Molecular characterization of deficiencies

The breakpoints of Df(3L)DocA, Df(3L)DocB and Df(3L)EP584MR2 were mapped by sequencing of inverse PCR products recovered from the 5′ end of the retained P insertion. Inverse PCR was performed as described by E. J. Rehm(http:/www.fruitfly.org/p_disrupt/inverse_pcr.html)and Huang et al. (Huang et al.,2000) using Pwht1 and Plac1 primers. The removal of genes by various deficiencies (Fig. 5A)was confirmed by PCR from homozygous mutant embryos as described in Duan et al. (Duan et al., 2001). PCR from equally treated heterozygous embryos and PCR amplification of sequences not affected by the deficiencies served as positive controls for primers and template, respectively. PCR amplification and sequencing of DNA to the left of EP(3)3556 demonstrated no change in sequences flanking the 3′ P-end.

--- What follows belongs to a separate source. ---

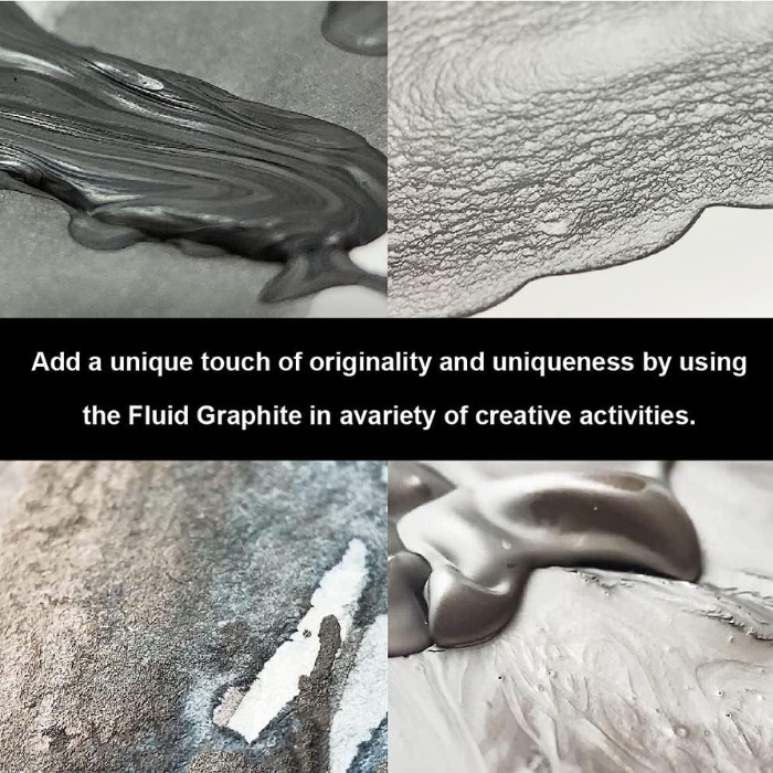 Using a brush to apply the Fluid Graphite allows for broad strokes and detailed work. The thick paste can be manipulated to create different textures and effects.
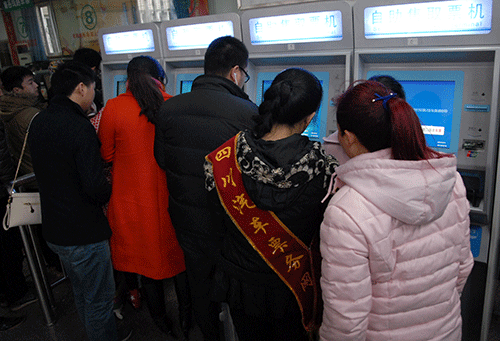 雖然車(chē)站在市轄三區(qū)和郵政網(wǎng)點(diǎn)設(shè)置了50個(gè)站外售票點(diǎn),但售票廳9個(gè)售票窗口一直排著購(gòu)票的旅客隊(duì)伍。車(chē)站臨時(shí)增加了1個(gè)出售成都和1個(gè)出售廣東、深圳、汕頭的售票車(chē)處。車(chē)站自助取票機(jī)由原來(lái)的4臺(tái)增設(shè)為6臺(tái),旁邊張貼著印有二維碼、支付寶等條目標(biāo)的“南充客運(yùn)站官方網(wǎng)站”,在四川汽車(chē)票務(wù)網(wǎng)兩名工作人員和1名“小紅帽”站務(wù)人員的引導(dǎo)下,讓旅客通過(guò)手機(jī)掃二維碼購(gòu)買(mǎi)車(chē)票。一名去宜賓的年輕旅客,拿出手機(jī),輕輕掃了一掃二維碼,便成功地取到了由南充去宜賓的汽車(chē)票,他高興地說(shuō):“互聯(lián)網(wǎng)+掃二維碼,快捷地就買(mǎi)了車(chē)票,不用排隊(duì)了,真方便。”售票大廳里排隊(duì)購(gòu)票的秩序井然,但沒(méi)有看見(jiàn)售票廳象往年那樣排隊(duì)購(gòu)票的隊(duì)伍排到售票廳外面的現(xiàn)象了。

TUNEL staining and BrdU labeling of embryos

Apoptotic cells were labeled by terminal deoxynucleotidyl transferase(TdT)-mediated dUTP nick end-labeling (TUNEL) using components of the ApopTag® Peroxidase kit S7101 (Intergen Company/Serologicals Corporation). Rehydrated embryos (about 30 μl) were treated with 10 μg/ml Proteinase K for 1 minute, rinsed quickly three times and washed another five times for 3 minutes with PBT. Embryos were postfixed in 3.7% formaldehyde in PBT for 20 minutes, washed five times with PBT and twice for 20 minutes with 30 μl equlibration buffer. TdT reaction was performed over night at 37°C using 50 μl buffer/TdT mixed in a ratio 7:3 and supplemented with 0.3% Triton X-100. The reaction was stopped by a 20 minute wash in 1/34 diluted stop buffer. Detection of incorporated Digoxigenin-nucleotides using sheep-anti-Dig and biotinylated anti-sheep antibodies, the VectaStain ABC elite kit (Vector Laboratories) and Tyramide Signal Amplification (TSA) reagents (NEN/Perkin Elmer Life Sciences) was essentially as for in situ hybridization using digoxigenin-labeled probes (Knirr et al.,1999).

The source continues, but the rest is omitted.